DATASET CONTENT -
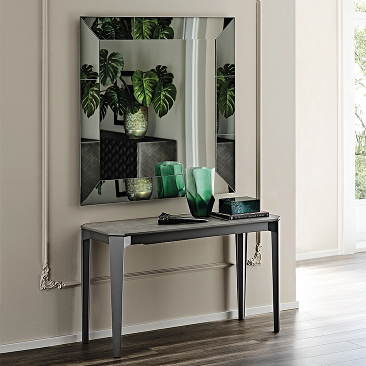 Specchio da parete con cornice specchiata o tutta fumé. Non adatto per essere posato a terra. Lo specchio è dotato di piastre per l'installazione orizzontale o verticale.
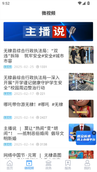 2、切换到微视频界面后,我们可以在这里观看到许多来自本地拍摄的新闻短片。
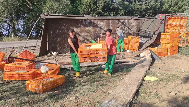 Kaza, saat 05.00 sıralarında, Orhangazi-İznik yolu Keramet Ilıca kavşağında meydana geldi. Bilecik'ten yüklediği 5 bin canlı tavuğu Bandırma'ya götüren Bora Varyemez'in (32) kullandığı 10 ACH 262 plakalı TIR, kontrolden çıkarak devrildi. Kazada kafeslerdeki yüzlerce tavuk öldü. Tavuk ölüleri, başka TIR'a yüklenerek yoldan kaldırıldı. Kaza ile ilgili soruşturma başlatıldı.
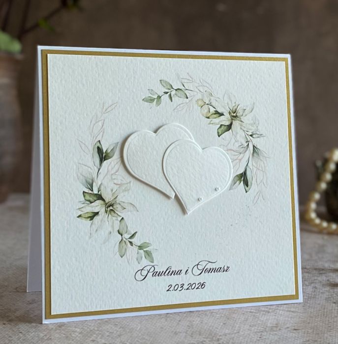 Elegancka, ręcznie wykonana kartka z okazji ślubu w ozdobnej kopercie.

TRY IT - Without the pictures, write out all of the material exactly.

COMPLETED EXERCISE -
 Specchio da parete con cornice specchiata o tutta fumé. Non adatto per essere posato a terra. Lo specchio è dotato di piastre per l'installazione orizzontale o verticale.
 2、切换到微视频界面后,我们可以在这里观看到许多来自本地拍摄的新闻短片。
 Kaza, saat 05.00 sıralarında, Orhangazi-İznik yolu Keramet Ilıca kavşağında meydana geldi. Bilecik'ten yüklediği 5 bin canlı tavuğu Bandırma'ya götüren Bora Varyemez'in (32) kullandığı 10 ACH 262 plakalı TIR, kontrolden çıkarak devrildi. Kazada kafeslerdeki yüzlerce tavuk öldü. Tavuk ölüleri, başka TIR'a yüklenerek yoldan kaldırıldı. Kaza ile ilgili soruşturma başlatıldı.
 Elegancka, ręcznie wykonana kartka z okazji ślubu w ozdobnej kopercie.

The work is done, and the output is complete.